** TASK DIRECTIONS **
What you need to produce from the material below is an exact transcription of the lines from the one with "Peek'n Peak Resort" through the one with "11 Rock Hill", both included, and no other line.

** DATASET **
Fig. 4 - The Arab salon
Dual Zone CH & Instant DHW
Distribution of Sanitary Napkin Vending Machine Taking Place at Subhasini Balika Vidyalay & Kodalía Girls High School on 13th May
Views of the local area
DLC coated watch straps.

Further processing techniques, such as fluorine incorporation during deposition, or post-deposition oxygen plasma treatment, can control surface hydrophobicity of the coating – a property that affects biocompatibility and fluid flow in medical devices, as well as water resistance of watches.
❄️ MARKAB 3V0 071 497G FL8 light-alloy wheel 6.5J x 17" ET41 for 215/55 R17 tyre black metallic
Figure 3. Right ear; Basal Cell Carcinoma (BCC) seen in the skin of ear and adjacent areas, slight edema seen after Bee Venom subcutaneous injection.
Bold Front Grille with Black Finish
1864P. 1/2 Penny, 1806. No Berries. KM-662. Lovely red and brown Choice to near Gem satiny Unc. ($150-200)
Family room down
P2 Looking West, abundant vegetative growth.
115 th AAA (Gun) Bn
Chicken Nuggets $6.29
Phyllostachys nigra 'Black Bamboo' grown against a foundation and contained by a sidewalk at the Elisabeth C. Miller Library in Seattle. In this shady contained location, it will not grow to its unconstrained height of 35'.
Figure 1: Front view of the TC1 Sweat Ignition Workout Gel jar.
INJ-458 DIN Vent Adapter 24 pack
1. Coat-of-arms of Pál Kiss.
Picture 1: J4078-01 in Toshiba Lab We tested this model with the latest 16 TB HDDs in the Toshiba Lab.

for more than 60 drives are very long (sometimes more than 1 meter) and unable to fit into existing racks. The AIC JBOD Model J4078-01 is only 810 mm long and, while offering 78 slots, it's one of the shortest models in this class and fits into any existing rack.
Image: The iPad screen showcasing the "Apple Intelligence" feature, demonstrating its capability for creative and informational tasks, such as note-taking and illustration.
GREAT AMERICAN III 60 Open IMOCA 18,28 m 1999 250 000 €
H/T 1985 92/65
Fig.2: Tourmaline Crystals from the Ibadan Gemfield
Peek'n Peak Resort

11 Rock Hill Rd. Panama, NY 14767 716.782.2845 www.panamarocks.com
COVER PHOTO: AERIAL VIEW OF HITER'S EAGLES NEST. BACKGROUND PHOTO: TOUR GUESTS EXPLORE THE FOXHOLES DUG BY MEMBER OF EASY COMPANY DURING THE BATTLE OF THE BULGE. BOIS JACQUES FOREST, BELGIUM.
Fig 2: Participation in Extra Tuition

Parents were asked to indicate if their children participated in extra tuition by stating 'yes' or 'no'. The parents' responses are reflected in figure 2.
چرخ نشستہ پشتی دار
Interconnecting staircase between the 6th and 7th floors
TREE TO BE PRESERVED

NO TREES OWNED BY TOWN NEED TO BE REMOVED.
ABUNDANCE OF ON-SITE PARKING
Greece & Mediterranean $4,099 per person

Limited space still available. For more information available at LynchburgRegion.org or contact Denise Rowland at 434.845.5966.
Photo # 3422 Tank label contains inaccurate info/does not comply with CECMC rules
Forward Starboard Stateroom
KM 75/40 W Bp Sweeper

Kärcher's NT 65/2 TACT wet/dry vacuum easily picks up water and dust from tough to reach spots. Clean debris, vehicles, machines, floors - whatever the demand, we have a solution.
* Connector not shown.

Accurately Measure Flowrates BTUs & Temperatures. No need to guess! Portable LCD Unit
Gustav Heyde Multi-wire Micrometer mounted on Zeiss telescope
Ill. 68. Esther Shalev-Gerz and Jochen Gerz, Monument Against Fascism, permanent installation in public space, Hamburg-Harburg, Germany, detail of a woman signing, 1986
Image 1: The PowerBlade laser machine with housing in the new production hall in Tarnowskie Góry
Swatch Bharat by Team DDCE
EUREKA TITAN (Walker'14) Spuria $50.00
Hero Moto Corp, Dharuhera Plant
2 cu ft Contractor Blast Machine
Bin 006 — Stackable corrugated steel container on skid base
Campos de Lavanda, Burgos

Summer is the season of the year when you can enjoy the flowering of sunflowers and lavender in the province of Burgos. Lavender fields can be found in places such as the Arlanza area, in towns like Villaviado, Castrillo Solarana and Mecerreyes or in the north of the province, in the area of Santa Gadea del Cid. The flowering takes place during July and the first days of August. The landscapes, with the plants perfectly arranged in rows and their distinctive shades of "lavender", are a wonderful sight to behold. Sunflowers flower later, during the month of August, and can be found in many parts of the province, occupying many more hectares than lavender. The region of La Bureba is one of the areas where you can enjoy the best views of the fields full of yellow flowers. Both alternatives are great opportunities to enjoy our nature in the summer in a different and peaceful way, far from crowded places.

** ANSWER SPACE **
Peek'n Peak Resort

11 Rock Hill Rd. Panama, NY 14767 716.782.2845 www.panamarocks.com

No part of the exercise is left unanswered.